Production cluster

This guide will walk through the deployment and administration of a production-grade instance of the Dyff platform.

Dyff architecture block diagram.

About the Dyff platform

Dyff is a “batteries-included” platform for conducting AI safety research. Beyond providing only Python libraries for modeling safety cases, Dyff offers a large-scale Kubernetes-native platform that supports the testing of Large Language Models (LLMs) at full speed and against large datasets.

In addition, the Dyff platform is completely open source, including the component projects as well as the hosted version of Dyff available at app.dyff.io. This means that Dyff can be fully self-hosted at your organization’s site, allowing you to perform safety evaluations without your organization’s data or models having to leave your data center, and you can study our live production deployment to learn how to operate Dyff successfully.

Dyff is designed from the ground up to be run on any Kubernetes cluster with no dependence on any specific cloud provider. With that, our autoscaling functionality has primarily been tested on Google Cloud and we are the most familiar with operating production Dyff in that context.
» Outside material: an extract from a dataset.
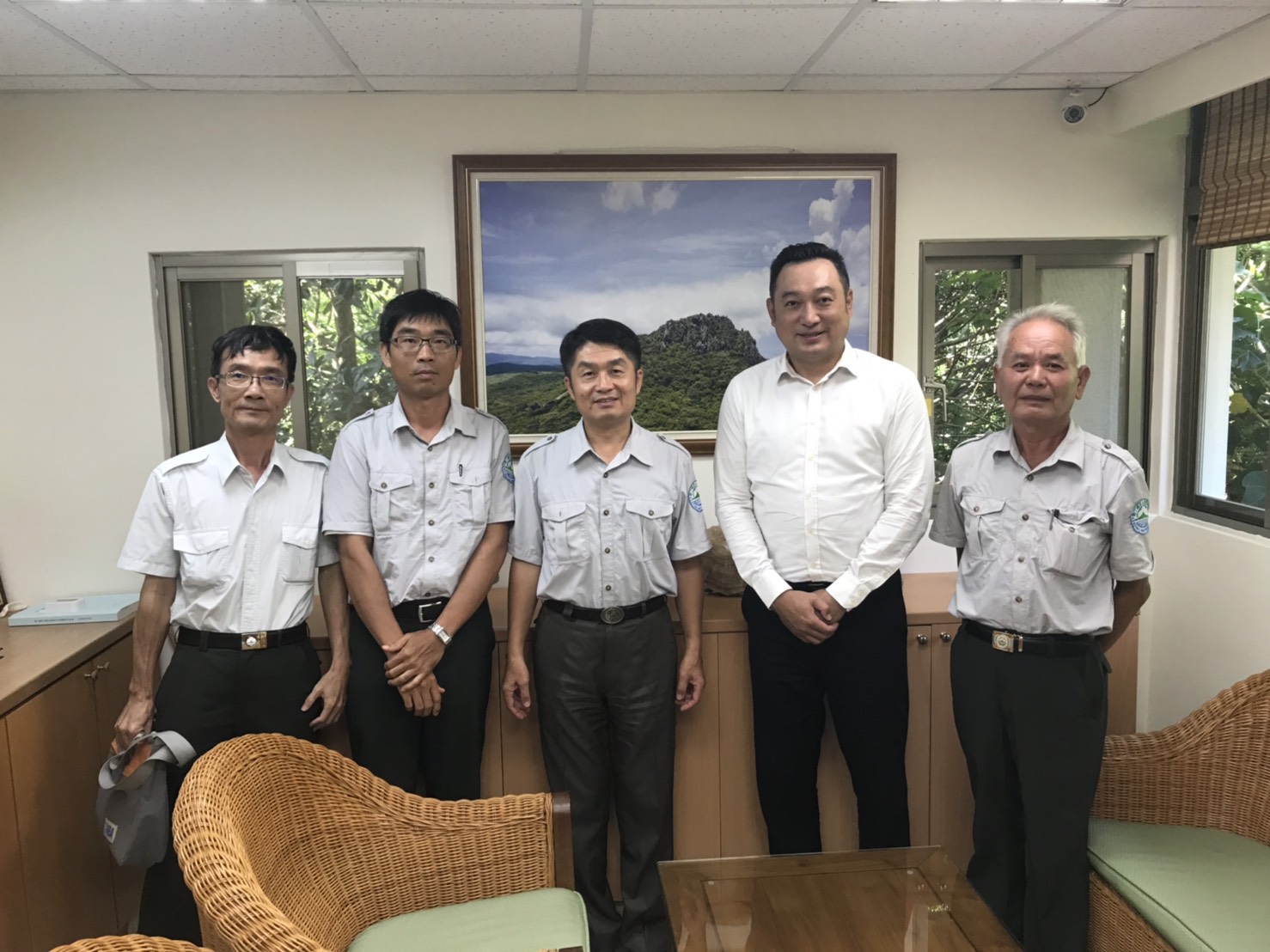 本次陳政聞執行長會見內政部營建署墾丁國家公園管理處許亞儒代理處長、教育部國立海洋生物博物館陳德豪副館長、交通部觀光局大鵬灣國家風景區管理處陳煜川處長、財政部國有財產署南區分署黃莉莉分署長、臺灣港務股份有限公司吳宗榮董事長。其中分別針對墾丁國家公園在自然資源保育與觀光、地區開發間如何兼顧、加強對中小學生的環境教育;國立海洋生物博物館的海水取水管因沿岸污染問題需向外海延伸、海龜保育;大鵬灣國家風景區管理處的如何協助BOT委託經營業者的需求、台灣燈會後的場地復原工作;國有財產署南區分署的如何提升閒置國有地的有效運用、及向其爭取本中心新大樓旁空地無償撥用為停車地空間;臺灣港務公司的高雄港口腹地開發等議題交換意見。

If you encounter issues with operating a Dyff component in a certain cloud environment, please create an issue on the relevant Dyff project and we can start a conversation about it.
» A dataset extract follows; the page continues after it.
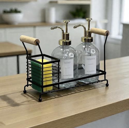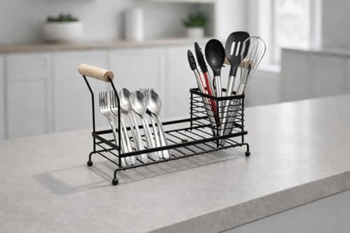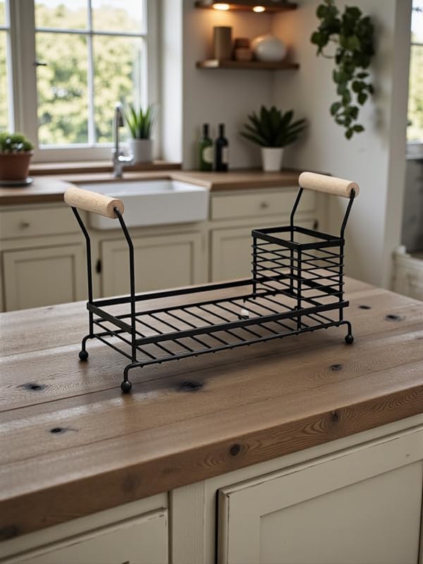 DOWNTOWN - داون تاون منظم حوض المطبخ مع سلة حامل للاواني - رف تخزين معدني لسطح الطاولة بمقابض خشبية واسفنجة وموزع صابون ومنظم ادوات المائدة للمطبخ والحمام - اسود

If you are not ready for production and just want a local development cluster, see the Local cluster tutorial.

Platform components

A typical Dyff platform deployment consists of the following components.

Backing services

In addition to Dyff-specific components, the following additional components are typically present:

  • Kafka preserves the entire history of workflow events and is the system of record for workflows.

  • MongoDB stores the auth database and provides a materialized view of workflow results.

  • Dyff inputs, intermediate artifacts, and outputs are stored in S3-compatible object storage.